The observed performance scores for the tools are close to the measures obtained when benchmarking with all kinds of proteins [25,26,27,28, 30]. Although the ratio of membrane protein variants has been small during the training of many of the predictors, it does not show in the performances. This could be because despite MPs are embedded into lipid bilayers, only the surface of the transmembrane regions in MPs is in contact with lipids, for the other residues the environment is similar to internal positions in proteins or in protein complexes in general.
Estimation of the sensitivity of MPs for variations
Recently we estimated the sensitivity of nine groups of proteins for harmful variants based on PON-P2 predictions . PON-P2 was found to have the best performance also for all the three regions in MPs (Table 6). As the results for all possible variants for this method were not available, we used a script to submit all 19 variants in every position in the MPs to the program in batches.
We created all the variants of the entire mpHTP (5422 proteins), a total of 56,686,557 variants in 2,983,503 amino acids. The results are summarized in Table 8. In addition to overall sensitivity, we investigated whether the different regions of the TMPs had different sensitivities for variations. The variants were classified in three classes: neutral, pathogenic and those of unknown significance. 48.0% of the predicted positions in MPs were outside the membrane, 15.3% transmembrane, and 36.7% inside the membrane.
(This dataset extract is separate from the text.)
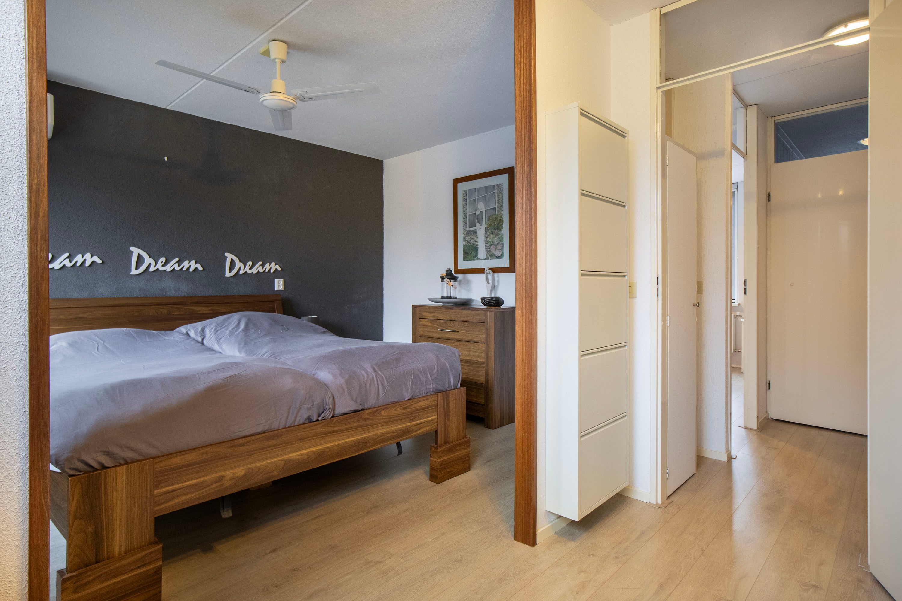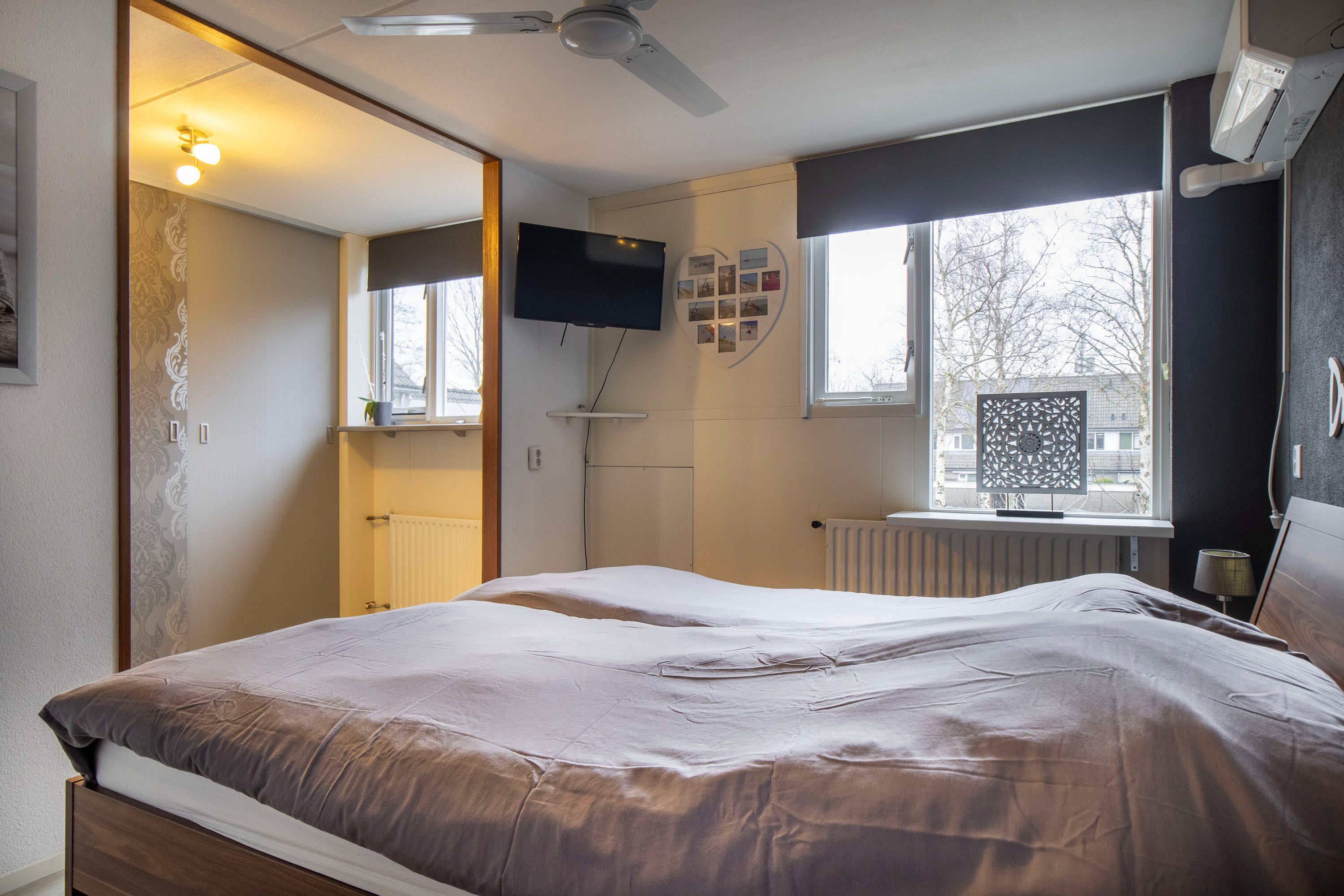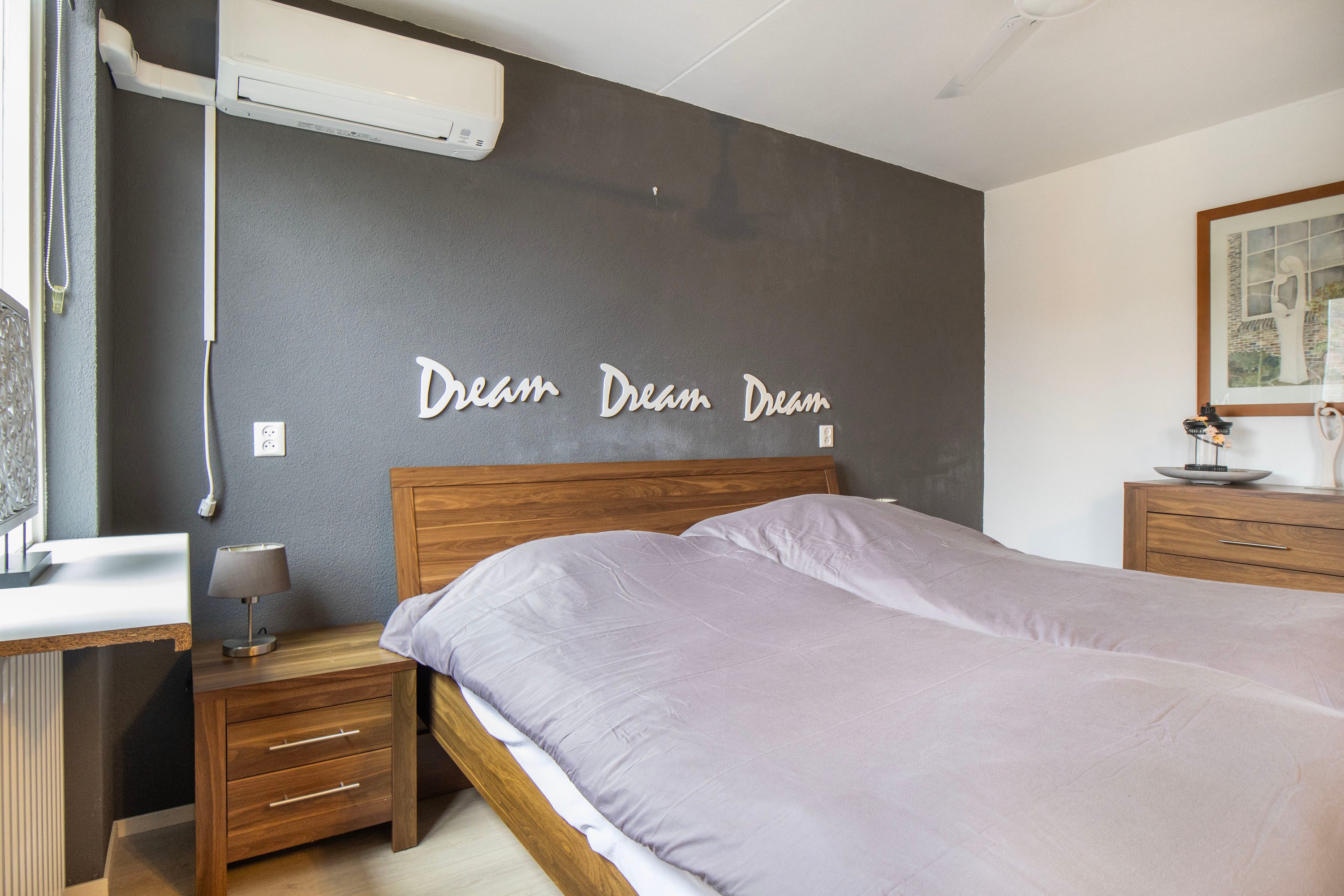 De grootste slaapkamer van circa 16 m² ligt aan de achterzijde van de woning en is voorzien van een airconditioning, wat zorgt voor extra comfort tijdens warme dagen. Daarnaast is er een ventilatorlamp aan het plafond aanwezig (ter overname). Uniek aan deze kamer is de doorgang naar een aparte ruimte die ideaal is als inloopkast of kleedgedeelte. Oorspronkelijk bestond dit uit twee afzonderlijke kamers, waardoor het eenvoudig mogelijk is om weer een extra slaapkamer te realiseren.

We obtained results for 5070 proteins (93.5% of mpHTP entries) with high prediction coverage (95.5%). There are several reasons for not reaching full coverage. Some proteins are unique for human, thus the required evolutionary information is missing and the predictor cannot work. Some sequences contained special characters, possibly for residue ambiguity. Those were not included to the analysis. Variations inside the membranes are predicted with slightly higher rate than transmembrane or outside the membrane regions. The rate of unknown classifications is 41.66% and it is almost invariant for the three regions. This category contains many types of variants. The ratio is similar to many other proteins . This category reflects also heterogeneity and continuum nature of pathogenicity . The results are rather even for all the three regions in MPs. Transmembrane regions contain somewhat more likely pathogenic variants than the extramembranous regions: the ratio is 0.54 vs 0.41 and 0.48. The share of neutral variants varies between 38.45 to 41.20%. Totally close to 10 million variations were predicted to be pathogenic.
We tested the performance of two types of predictors on membrane proteins, their subcellular localization and variation interpretation in these proteins. We tested 22 variant tolerance predictors and 7 subcellular localization tools. The best variation prediction methods had similar prediction performance on transmembrane, inside and outside regions of transmembrane proteins and comparable to overall prediction performances for all types of proteins. The highest performing method was PON-P2, followed by REVEL, MetaSVM and VEST3. In the case of subcellular localization predictors we assessed separately the performance for single pass and multi pass membrane proteins. Predictions for multi pass proteins were more reliable than those for single pass proteins. Finally, we predicted the effects of all possible 19 substitutions in 5422 membrane proteins, a total of 56,686,557 variants in 2,983,503 residues. Transmembrane regions seem to be somewhat more vulnerable for variations that regions inside and outside the membranes.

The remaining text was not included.